Remember, too, that the U.S. is atypical in that it does not have one “primate city,” a city that dominates its national economy, as London and Paris do, as Athens does. Buenos Aires fills such a role, as do Cairo, Dublin, Mexico City, Seoul, and Vienna — among others. Countries with primate cities are even more driven than the United States by what’s happening in their centers of physical, financial, and human capital.
And rounding out the list as a fifth observation, cities are the driving force behind innovation. They are not only the locus of human achievement, they are the places where human problems are most acute, most visible, and most in need of resolution.
This was true in the industrial revolution and it is no less true right now. Research by Deborah Strumsky of UNC Charlotte, Jose Lobo of ASU and others has shown that 63 percent of U.S. patents are generated by just twenty metro areas.8 Bruce Katz and Julie Wagner at the Brookings Institution issued a report last summer discussing what they call “Innovation Districts,” places where innovative firms and talented workers are “choosing to concentrate and co-locate in compact, amenity-rich enclaves in the core of central cities.” Cities turn out to be hotbeds of entrepreneurship.9
These five attributes — historical, yet contemporary and shaping our future — are absolutely germane to our headline topic of inventing and investing. They are also critically important to understanding the phenomenon of 24-hour cities, their characteristics, their economic and real estate performance, and their future.

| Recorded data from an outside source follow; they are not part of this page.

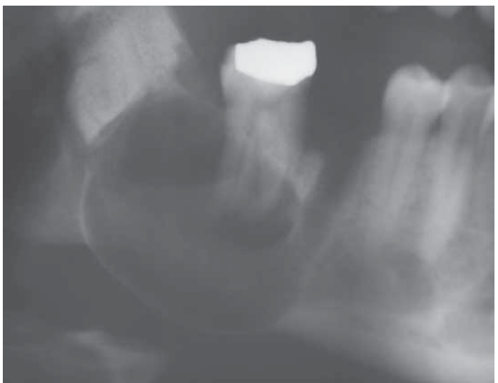
Figure 2 . Post-operative view demonstrating undisplaced retained roots of ectopic lower third molar with evidence of bony access distal to LR7 to facilitate coronectomy.

lower right face. Clinical examination demonstrated retained roots, as charted, but also bony expansion in the right posterior mandibular region. No other associated symptoms or signs were noted. An orthopantomogram revealed an ectopic lower right third molar with an associated well demarcated unilocular radiolucency suggestive of a cystic lesion. The lesion appeared to extend anteriorly to the lower right first molar region, distally up into the ascending ramus of the mandible, with associated bony expansion at the inferior margin of the mandible (Figure 1). A close association of the ectopic third molar with the inferior dental canal was noted, so too were radiolucent areas indicative of thin or absent bone both buccally and lingually. A keratocyst or odontogenic tumour could not be ruled out at this stage.
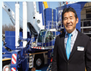
Top: The Tadano team with the ATF 600G-8
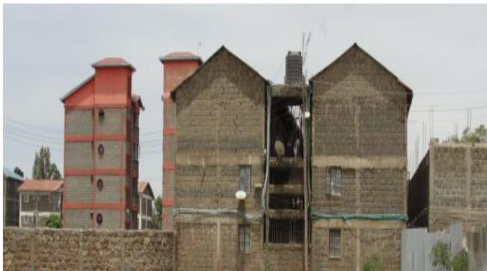
Neighbouring residential property under construction

Average, daily temperature varies from 17° C in July/August, to 28° C in March. The maximum daily range of temperature is quite large 10 ° C to 30 ° C in May and February respectively.
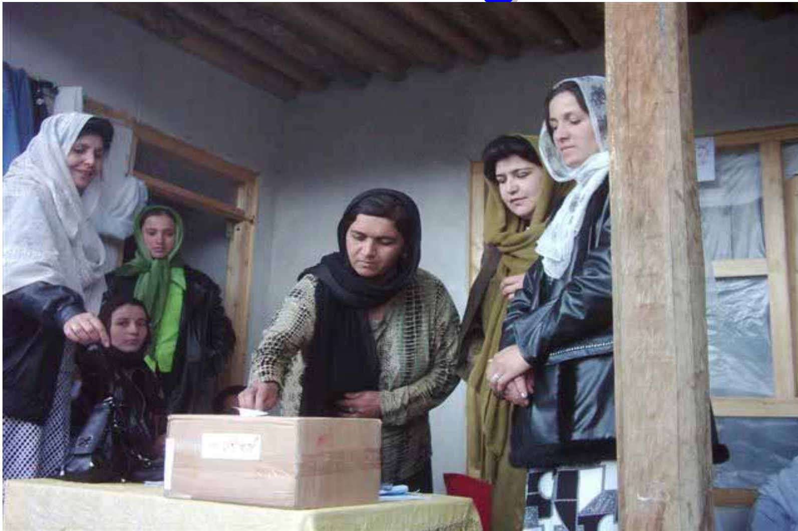
Injil District- Herat Province
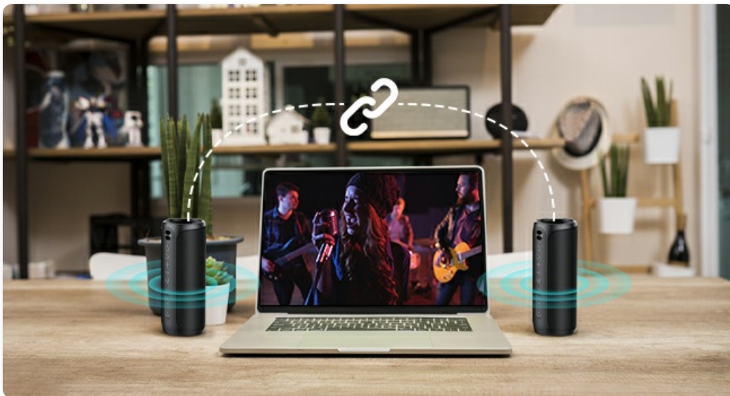
Image: Two IKG M9 speakers wirelessly connected to a laptop, illustrating the True Wireless Stereo (TWS) pairing setup.
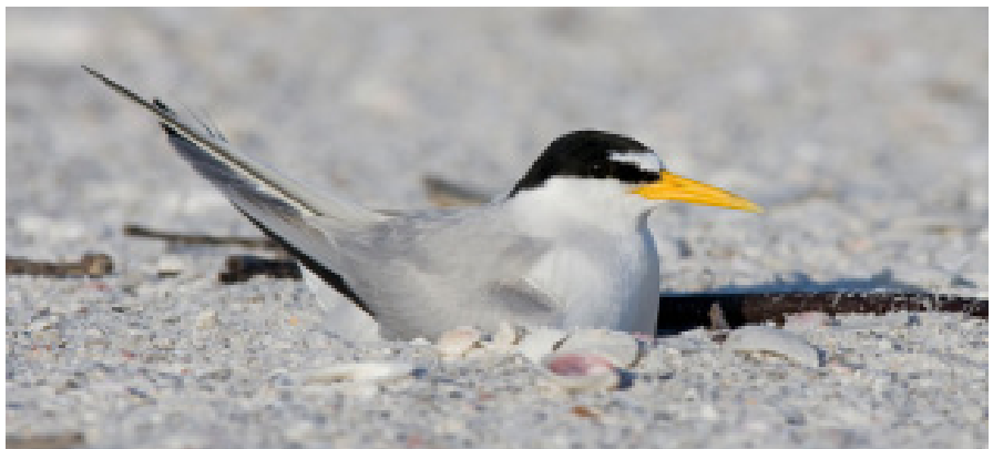
Least tern
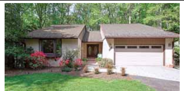
Great Falls $800,000
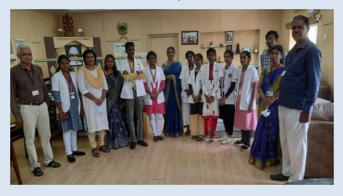
With the Vice-Chancellor

EMCNY's Participation in The Tamilnadu Dr. MGR Medical University's Celebrations
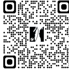
HOOK Withdrawal Report
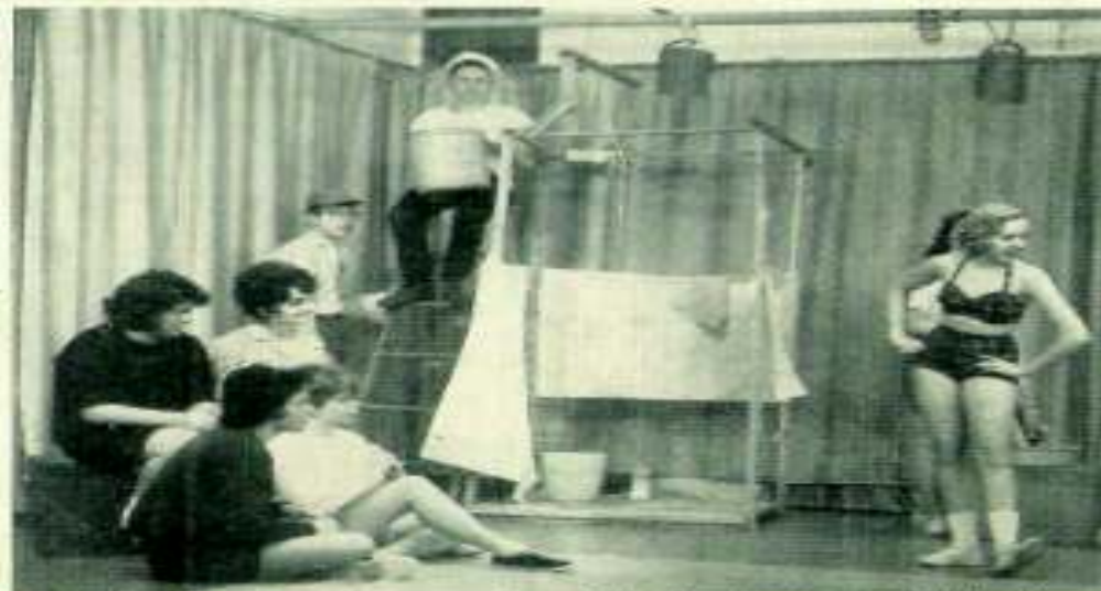
"YOUTH SPEAKS" ... dances and sings songs from South Pacific. Other cultural activities are slated for the week.
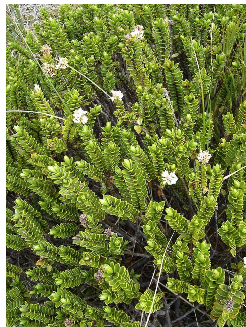
Hebe masoniae.
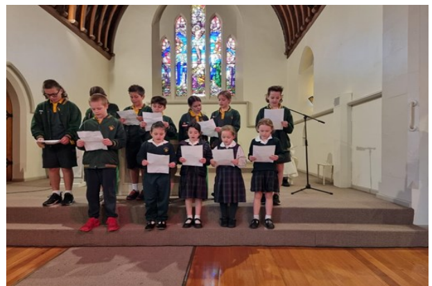
Some members read the pledge at mass
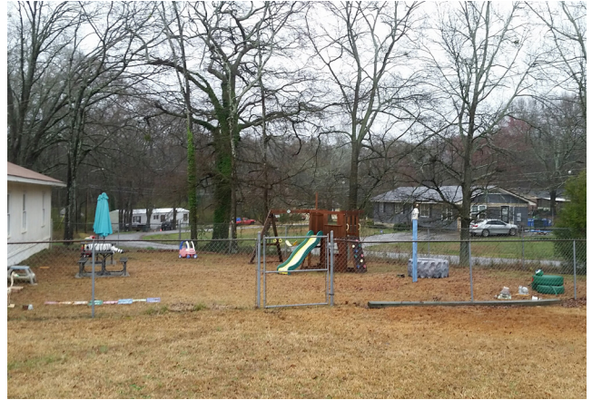
Fenced Children's Play Area
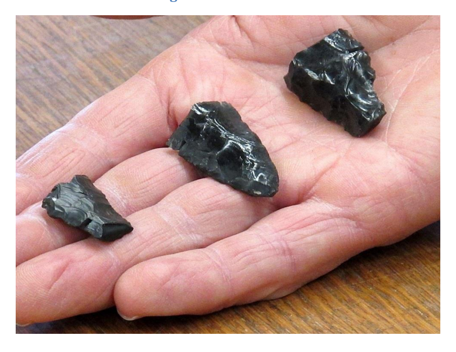
Figure 2: Stone tool fragments
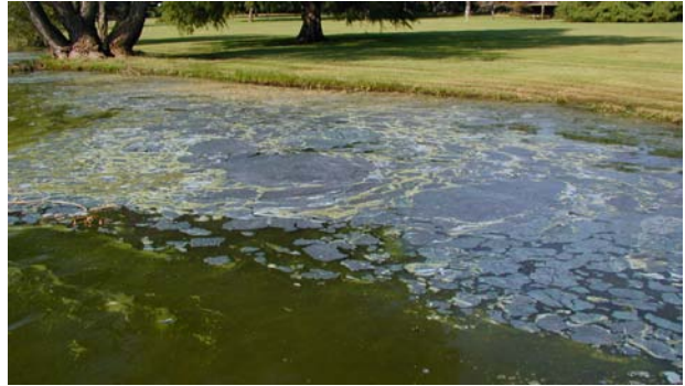
Lake Vaquero Microcystis Blooms with phycocyanin
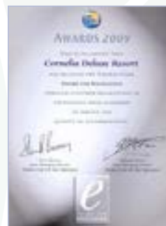
THOMAS COOK - AWARDS for EXCELLENCE
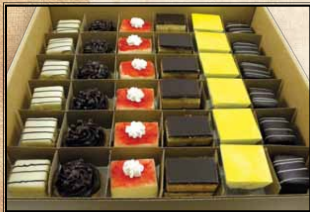
4197 Assorted Mini Gourmet Pastries Box of 36
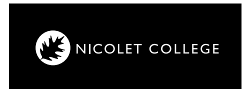
Single-line Logo Reversed Out to White
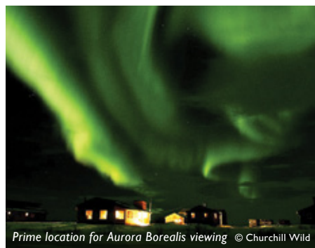
Prime location for Aurora Borealis viewing

After a hearty hot breakfast, rug up and set off on a morning walk with a good chance of seeing polar bears. Lunch is served back at the lodge, while evening meals encourage chatting with your fellow guests. You'll also enjoy regular slide shows or informative talks about native wildlife. Ask to be awoken at night for bear or Aurora Borealis viewing. BLD
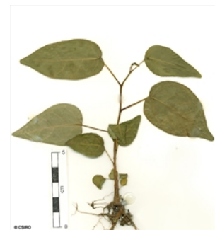
10th leaf stage.
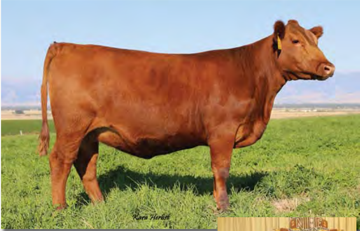
Feddes Red Angus Feddes Blockana 9144 A33 Reserve Champion at 2014 NILE Futurity and the high-selling heifer for $11,500 to Walnut Springs Farm in Michigan.
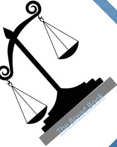
The Bread Book
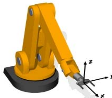
Figure 4. Gripper coordinates
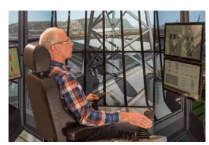
Interactive training simulator
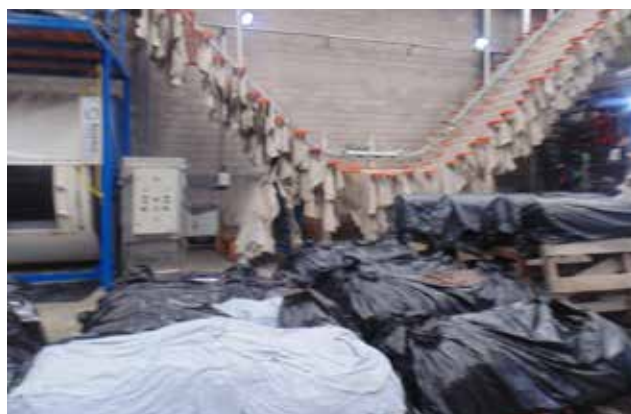
leather kept for drying
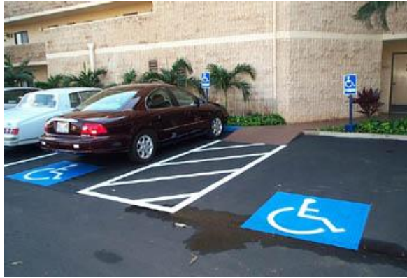
F3: Accessible parking

Features of accessibility at airport: It has been recommended that airport should include the following accessibility:
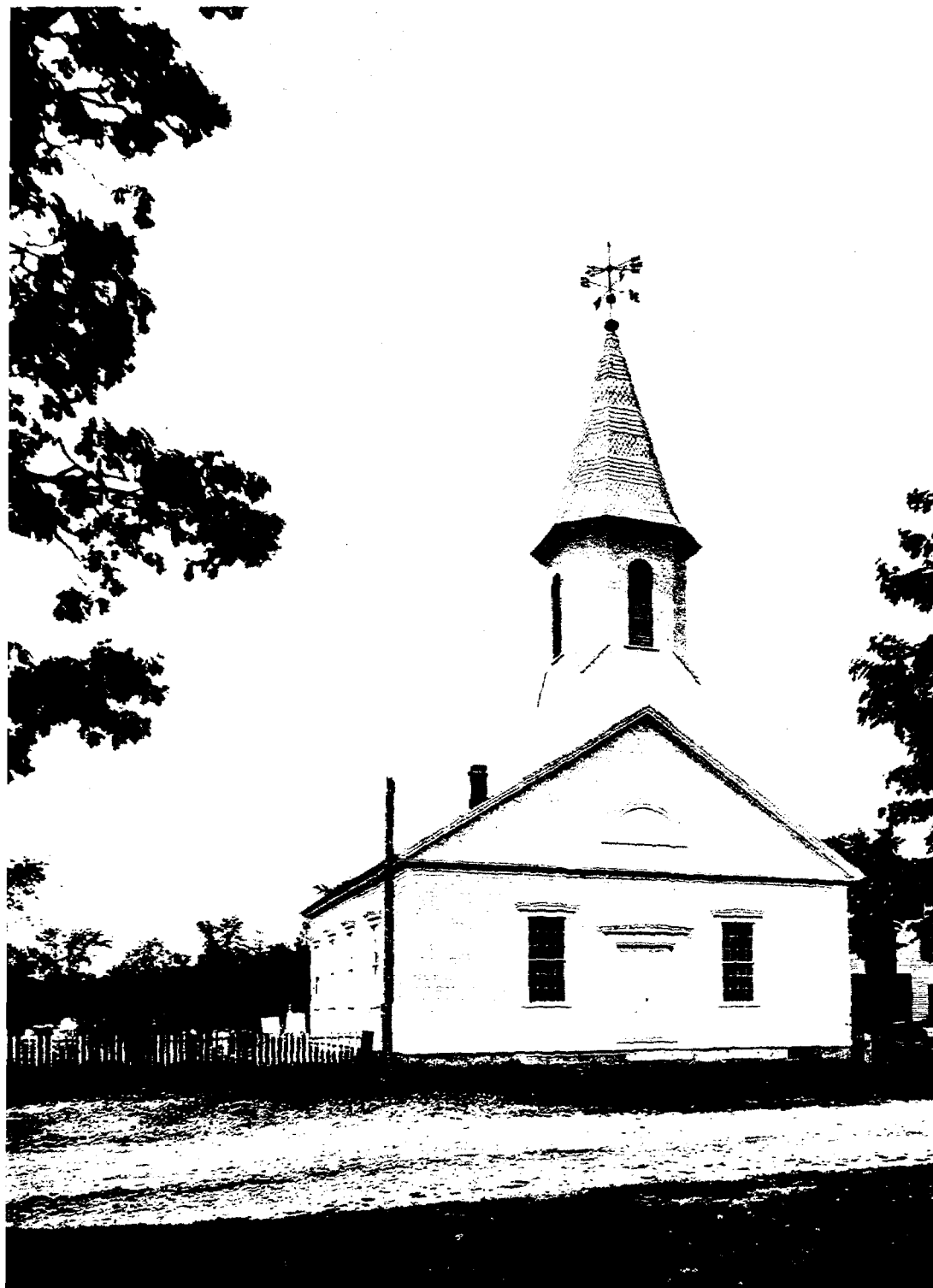
MEETING-HOUSE AND BURIAL-GROUND, NEWFIELD, MAINE.
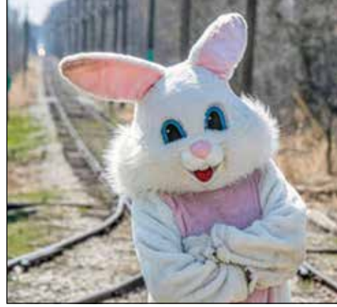
Enjoy some family fun aboard the East Troy Electric Railroad's Bunny Train. Get tickets at easttrotyrr.org .

Tickets are $20 for adults, $16 for children ages 3-14 and $11 for children ages 0-2. For more information, visit easttrotyrr.org .
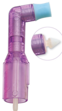
Firm/Short Blue Cup Short Tip
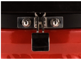
Stainless Steel Latch
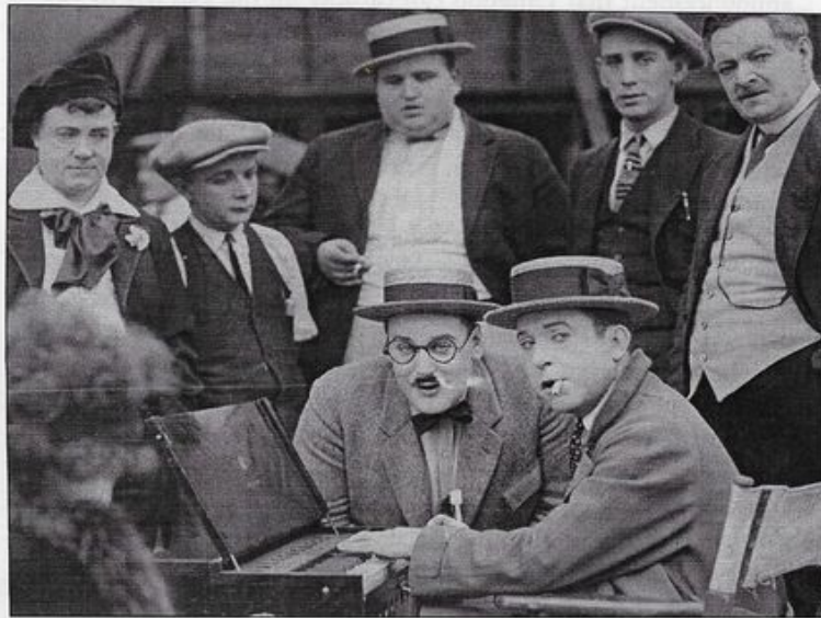
A candid shot of Harry Langdon and Vernon Dent on the set of The Hollywood Kid (Sennett, 1924).

ing between takes while the director and crew set up the next scene. The actors would have to stay in costume and be available at a moment's notice. Some folks amused themselves by talking, playing cards, gambling, or finding a shady spot. The musically inclined passed the time by singing or playing instruments.
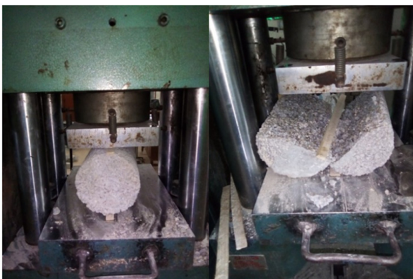
Fig. 2. A cylinder specimen before and after testing in UTM
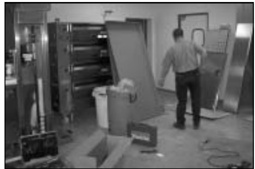
A worker readies Pierce's new bakery. Many new changes and fresh updates are in the works at Pierce's Marketplace for mid-2008.

NEWS BREAK is here to let other Chamber Members know about your business and the products or services you provide. Let us know about your new products, equipment or services you provide so we can help get the word out. Tell us about employee promotions and even sales or events you plan on sponsoring. E-mail graphics@portagewi.com or call the Chamber at 742-6242.
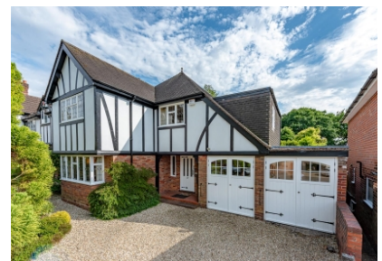
67 Sandringham Road, Penn, Wolverhampton
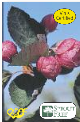
Malus 'Branzam' Brandywine® Crabapple

Hardy columnar tree with a profusion of fragrant white flowers. Yellow red wax-like fruits persisting into the winter. Foliage turns yellow in the fall. It makes a splendid street tree.
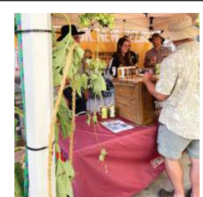
Central City Beer Fest page 26, 27
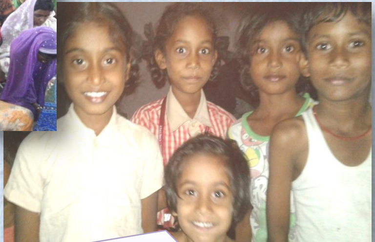
Cheerful kids at Muruganandhal

If you are led to contribute the bank details are given below:
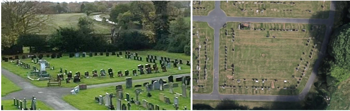
The open section of section G as picture from the chapel tower (left) and satellite imagery (right)

To create the paths, a width of turf-reinforcement mesh roll would be rolled over the existing turf and pinned. As the grass grows through the plastic mesh holes, the grass roots interlink with the mesh filaments creating a stable surface that helps to protect grass from wear and enables it to support greater footfall providing a surface over which wheelchairs can more easily be used. This is a simpler and significantly lower cost option than creating tarmac paths and would complement the soft landscaping of the garden.

It’s a curious term — “the 24-hour city.” It feels like it has been around forever, but the publication Emerging Trends in Real Estate claims to have coined it in 1994, just 20 years ago. The assertion published back then was that 24-hour cities would produce superior real estate investment performance compared with those cities whose downtowns were truly just Central Business Districts — places where commuters came to work from 9 a.m. to 5 p.m., and they headed home to residential suburbs. Emerging Trends over the years has evolved the term to characterize Live-Work-Play urban environments. The salient features are a mix of uses (housing, retail, office), good public transportation access, a safe and secure environment, attractive neighborhoods proximate to downtown and a multidimensional range of recreational/cultural amenities.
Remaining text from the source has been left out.